Home is Wherever I'm With You

by DeerstalkerDeathFrisbee



Series: True Love or Something [5]
Category: Voltron: Legendary Defender
Genre: Alternate Universe - Modern Setting, Fluff, Gen, Lance (Voltron) is a Mess, M/M, Neighbors, Sick Character, Sickfic
Language: English
Status: Completed
Published: 2016-12-12
Updated: 2016-12-12
Packaged: 2018-09-08 02:57:23
Rating: General Audiences
Warnings: No Archive Warnings Apply
Chapters: 1
Words: 2,971
Publisher: archiveofourown.org
Story URL: https://archiveofourown.org/works/8827780
Author URL: https://archiveofourown.org/users/DeerstalkerDeathFrisbee/pseuds/DeerstalkerDeathFrisbee
Summary: “Lance.
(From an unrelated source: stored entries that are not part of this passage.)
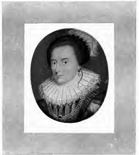
THE QUEEN OF BOHEMIA BY ISAAC OLIVER
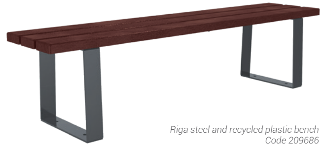
Riga steel and recycled plastic bench Code 209686
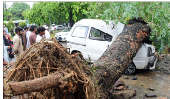
ISLAMABAD: A view of heavy tree fell on a school children pick and drop vehicle at super market due to heavy storm in morning hours in the Federal Capital.

ISLAMABAD (APP): Indus River System Authority (IRSA) on Tuesday released 398,800 cusecs water from various rim stations with inflow of 406,300 cusecs. According to the data released by IRSA, water level in River Indus at Tarbela Dam was 1550.00 feet (maximum conservation level) and was 152.00 feet higher than its dead level of 1,398 feet. Water inflow and outflow in the dam was recorded as 257,100 cusecs and 256,600 cusecs respectively. The water level in River Jhelum at Mangla Dam was 1214.00 feet, which was 166.00 feet higher than its dead level of 1,050 feet.
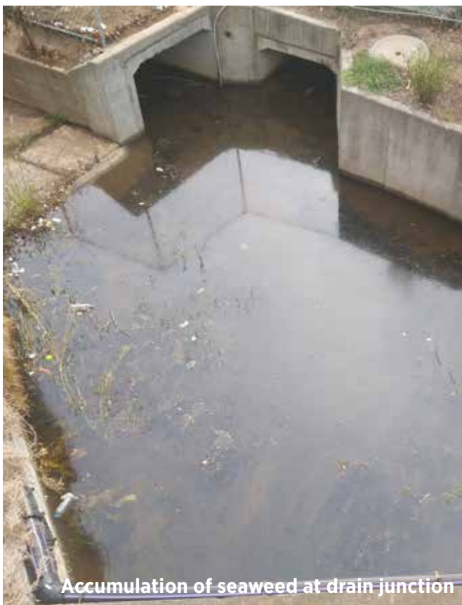
Accumulation of seaweed at drain junction

The NSW Government with the Central Coast Council launched a community-wide engagement program in December 2019 to share information with the community, seek local knowledge on potential contamination sources and communicate the progress of investigations and remediation.
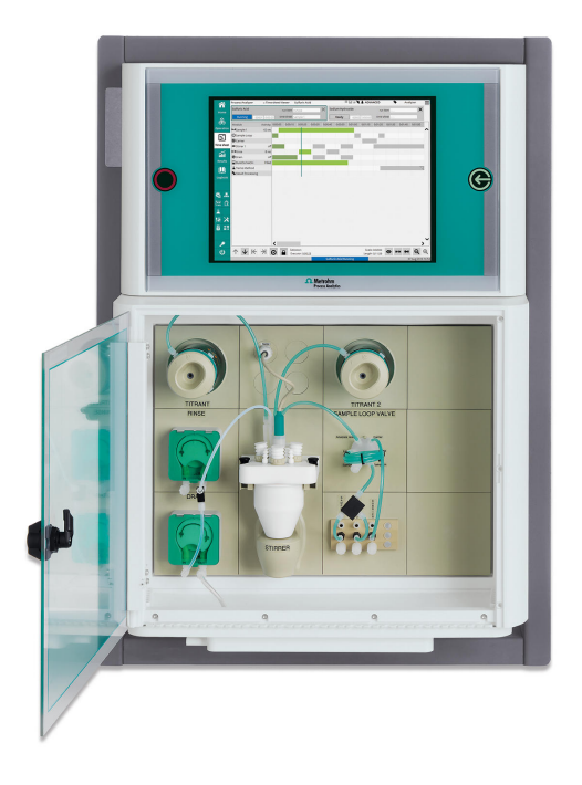
Figure 4. 2035 Potentiometric Analyzer - Thermometric.
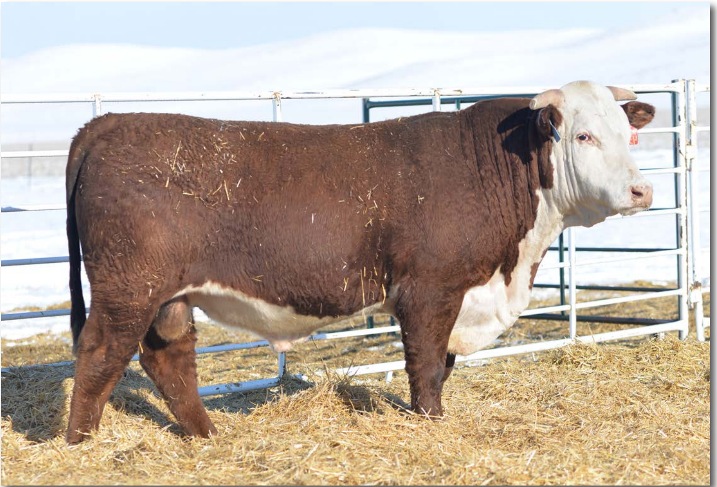
Lot 99 • ECR 2029 Advance 4350

It’s a virus.  You just treat the symptoms and wait it out.”  “But that’s crap!  Allura, you’re a doctor, you miracle-cure people!”  “One, that’s not how my job works, and two, just admit you should have gotten a flu shot and tell your boyfriend you’re sick so he can take care of you.” 
Lance gets sick and refuses to admit that maybe Keith was right and he should have gotten a flu shot when he had the chance.  Keith attempts to be nurturing.





	

**Author's Note:**

> THANK YOU, THANK YOU, THANK YOU, EVERYBODY! Your kind reviews make me so happy, thank you so much for your support for these crazy space kids. 
> 
> This fic's a gift for a dear friend of mine, who sadly has a flu-like bug and requested a sick Lance fluff fic. Fan fiction is the very best medicine, right? And I've got a head cold so this is partially a pick-me-up for me too.

**Home is Wherever I’m With You**

Lance has a fantastic immune system, okay? He never gets sick, hell would have to freeze over, Satan would have to find a new career in frozen yogurt manufacturing for Lance to get even the slightest sniffle. As he has said, many times, at various (high) volumes, working with kids at the Community Center has successfully inoculated him against anything short of the bubonic plague. He is essentially immortal, invincible and incapable of getting sick.

            That’s why, when flu season starts up, he’s not too worried about getting a flu shot, despite Keith’s many increasingly passive-aggressive sticky-note reminders about it, including a memorable one placed over the top of his coffee cup.

            “KEITH!” Lance yells when he’s managed to spit the vile thing out and read what’s written on it in Keith’s dramatic, spiky handwriting.

            “Yes?” Keith says, peering around the corner into the kitchen, the picture of innocence.

            “What the fuck?! Why are you trying to kill me with paper products?”

            Keith’s brows draw together bemusedly, “Why didn’t you look at what you were drinking?”

            “Because it’s coffee! I trust my coffee!”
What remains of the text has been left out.